James started clapping yesterday. How the heck do I make a baby go to sleep who won't stop clapping in his crib, incredibly pleased with himself, radiating that smile of smiles, the smile that could end all wars and feed all the starving children in the world?
Just when you think you're spending all the love you have on your bride and dog, along comes a tiny human to steal the show.
I was watching a show on the Science Channel over the weekend narrated by Stephen Hawking (the ultra-famous physicist) debating whether or not there is a God. Heavy stuff, indeed. Most of it made sense. I was able to hang on all the way through quantum physics, but then fell off the toboggan when Hawking began talking about black holes and how time does not exist in them. His point, when he finally got around to it, was to answer the question many Christians (myself included) always asks: What existed before the Big Bang?
*Note that the Christians I refer to are the ones who believe in evolution, but that some divine force (God?) sparked it. Genesis Christians need not apply.

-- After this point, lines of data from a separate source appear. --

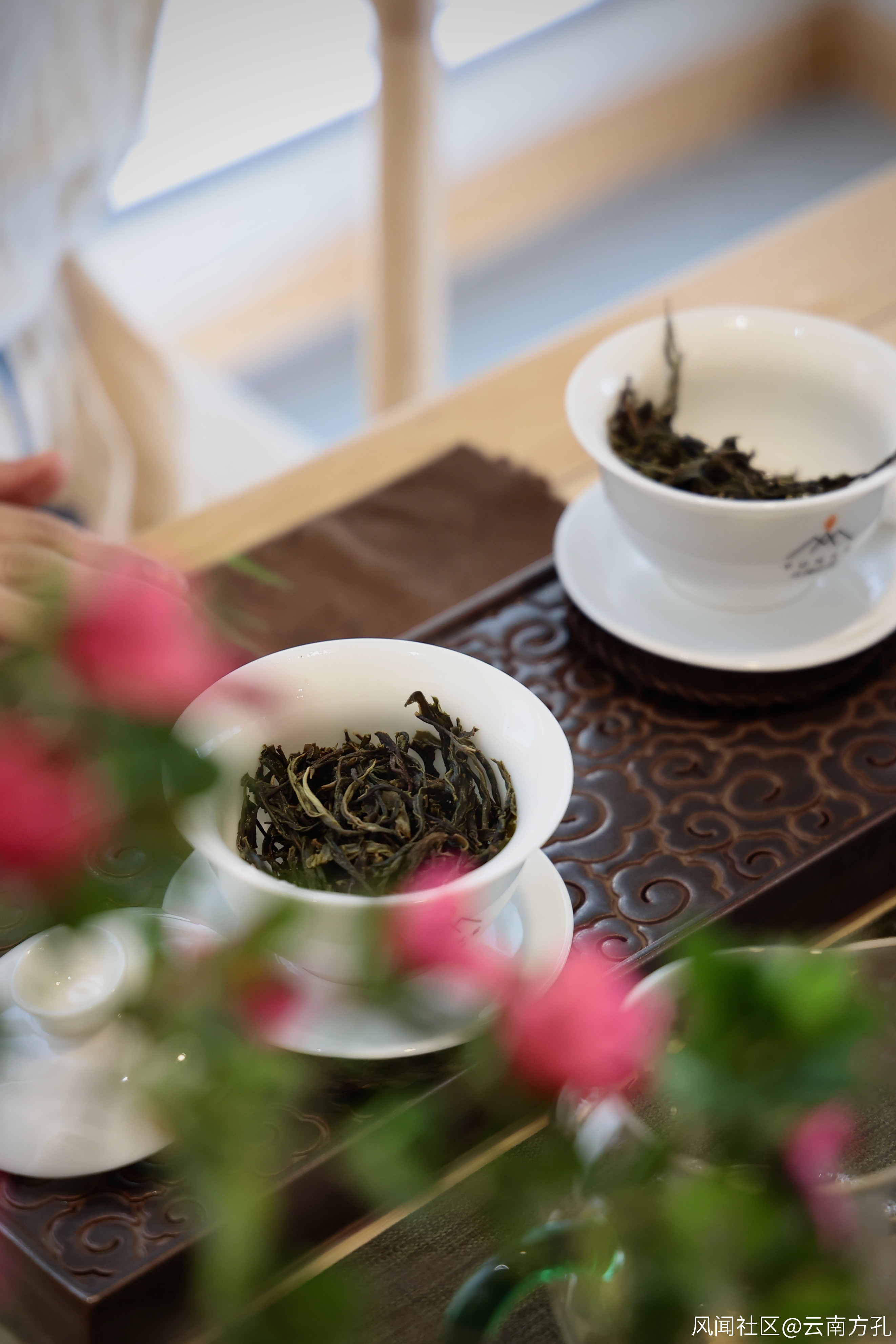 雲柯莊園位於東南隅。不要以為它周圍森林錯落,茶樹葳蕤,四時鮮花,它不過是這座二線城市樓宇峯巒之間的一座茶樓,是雲柯莊園的公司總部。門前與柯峯握手言歡,並隨他上樓落座喝茶。下午茶時分,順邀入席,席中已圍坐一干人,有茶藝師、有愛茶人、有記者、編輯。是時,主持人款款入場,着旗袍,執麥克,細言道:“茶裏乾坤大,壺中歲月長。一葉茶,一個青綠的世界……雲柯莊園2022春茶十大名茶品鑑會現在開始“。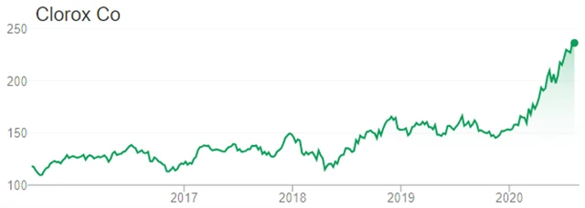 Politici se snaží otevírat ekonomiku (téměř) za každou cenu, lidi ale zajímá opětovné šíření nákazy. Výrobce dezinfekčních prostředků Clorox je již od února hodně žhavým zbožím. Poté, co se epidemiologická situace v květnu ustálila, sice její akcie zastavily růst, ale druhá vlna je pro Clorox vodou na mlýn.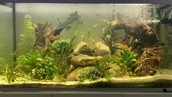 Pour répondre à question posé.. oui le bois pose problème si on ne peut pas le traiter correctement. Ici je l’ai fait bouillir en changeant l’eau très régulièrement pendant des heures dans une bouilloire de collectivité (merci papa) jusqu’à ce que tout les tannin du bois soit neutralisés. Aujourd’hui avec mon changement d’eau hebdomadaire malgré mes nombreux bois dans le bac l’eau ne vire pas au marrons.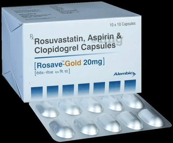 * Product information: Rosave-Gold 20mg Capsule is used for prevention of heart attack, stroke and treatment of peripheral vascular disease. It is a combination of medicines that prevent clot formation in the blood vessels. It also helps to reduce increased cholesterol and triglycerides levels.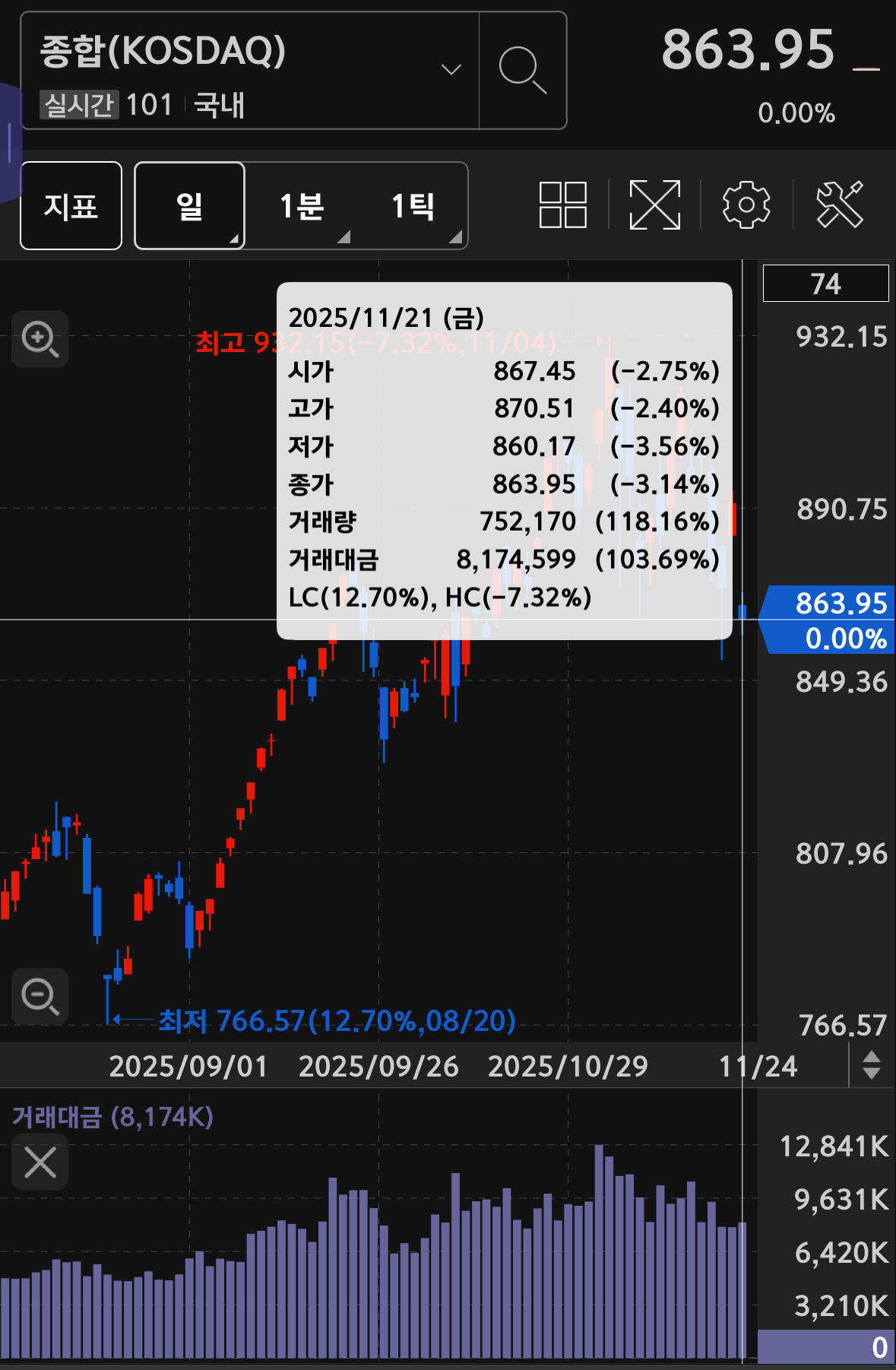 * 코스피의 거래대금은 14.2조가 되며 6.45% 하락이 나오면서 작은 거래대금에 길쭉한 음봉이 기록됨.

So Dr. Hawking purports that nothing existed before the Big Bang because it originated within the confines of a black hole. And if time does not exist in black holes then nothing existed prior to the Big Bang. When asked why the Big Bang occurred, Hawking goes on to point to evidence on the subatomic level that particles appear and disappear seemingly randomly all the time. Granted, there's math to allegedly back up these theories. I'll have to take his word for it. And although I know that given enough time science will eventually explain everything away, I can't stop seeing James clapping. And waving. And walking.
Science is amazing, no doubt. Our biologies alone are nothing short of miracles. Even though Hawking seemingly explained away the creation of the universe, I still wonder how the heart beats. I'm humbled by emotions and the bonds I find myself intertwined in. Hawking wasn't able to explain what love is. I might believe the idea that time does not exist in black holes even though no one has ever been in one (or seen one, for that matter). But there's got to be a reason for it. No amount of math can explain away the weakness I feel in my heart when I have to make my son go to sleep when he'd rather stay up clapping into the night.